Dungeness is a dynamic and wild landscape….there’s little hope of thinking you’re in charge of nature here… a shifting spit of shingle jutting out in the English channel, being fought over by the waves from two sides…’ Howard Sooley
As eleven of us arrived at the old lighthouse in Dungeness, we were greeted by Clive and the immortal words, “You needn’t bother I’ve already got the winning shot!” Knowing he probably had, did not deter us however! We all set off in slightly different directions, some climbing the lighthouse stairs after requests not to point cameras at the nuclear power station, whilst the rest of us headed up or down the beach.
Dungeness is definitely a Marmite sort of place you either love it or hate it. The contrast between decaying huts, boats and metal and beautiful flora, some of which can only be found growing in this, the only British desert, is an intoxicating mix for any dedicated photographer. As the journalist Jayne Fryer stated it is ‘strangely beautiful in an alien way.’
The wind blew as usual making macro photography a real challenge but as the sun was shining for once, we enjoyed the warmth and additional light it provided. We had two themes, ‘Decay’ and ‘Abstract’ and I set about the latter almost immediately. Trying to capture the essence of rust and old machinery whilst creating something abstract and attractive to look at, became my main aim of the day. I began taking multiple exposures whilst many other photographers, who had suddenly appeared from nowhere, waited in a queue to photograph one particular old boat. I am sure the boat’s owner would like to have earned a pound for every shot I have seen of his boat! The main challenge Dungeness provides in my view, is an opportunity to be creative and to shoot something in a totally different way. Having enjoyed a morning’s photography we met up at The Pilot Inn, for fish and chips. We lingered for a while to rest our aching legs as walking up and down the banks, on the ever shifting pebbles and shingle certainly requires stamina!

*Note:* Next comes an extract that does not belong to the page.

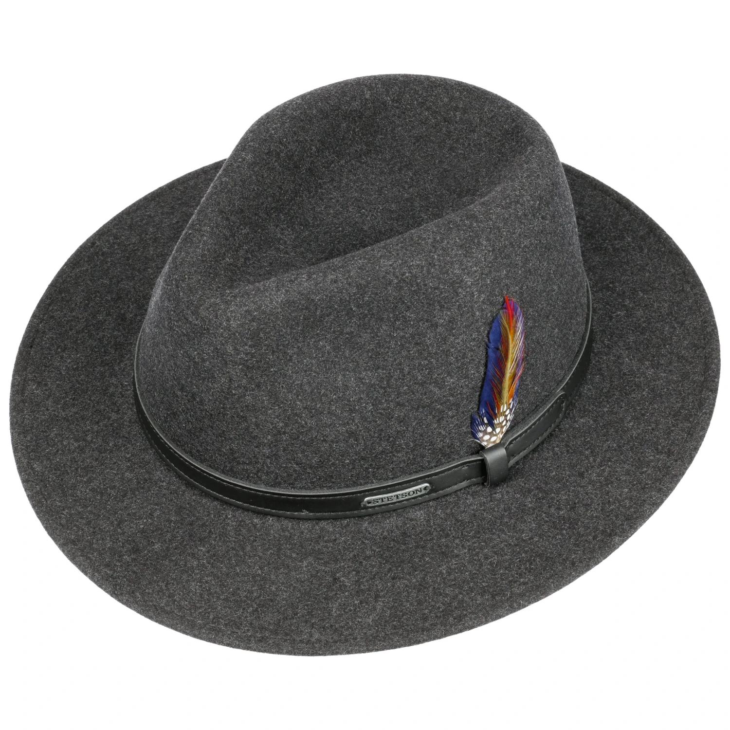 Ausdrucksstark kommt der Traveller von Stetson daher, gefertigt aus exklusivem Wollfilz in Asahi-Guard®-Qualität in leicht meliertem Design.

It was interesting to watch fellow club members with their lenses almost attached to their faces, exploring the apocalyptic scene that is Dungeness. They lay on the pebbles, leaned into boats, removed ugly pieces of iron and climbed up on platforms of concrete. Several of us became mesmerised by the charred remains of a boat recently destroyed by irresponsible young photographers. The charred wood reminded me of stacks of coins and as the sun caught the lighter ashen coloured wood, it glistened like silver thread entwined in ebony.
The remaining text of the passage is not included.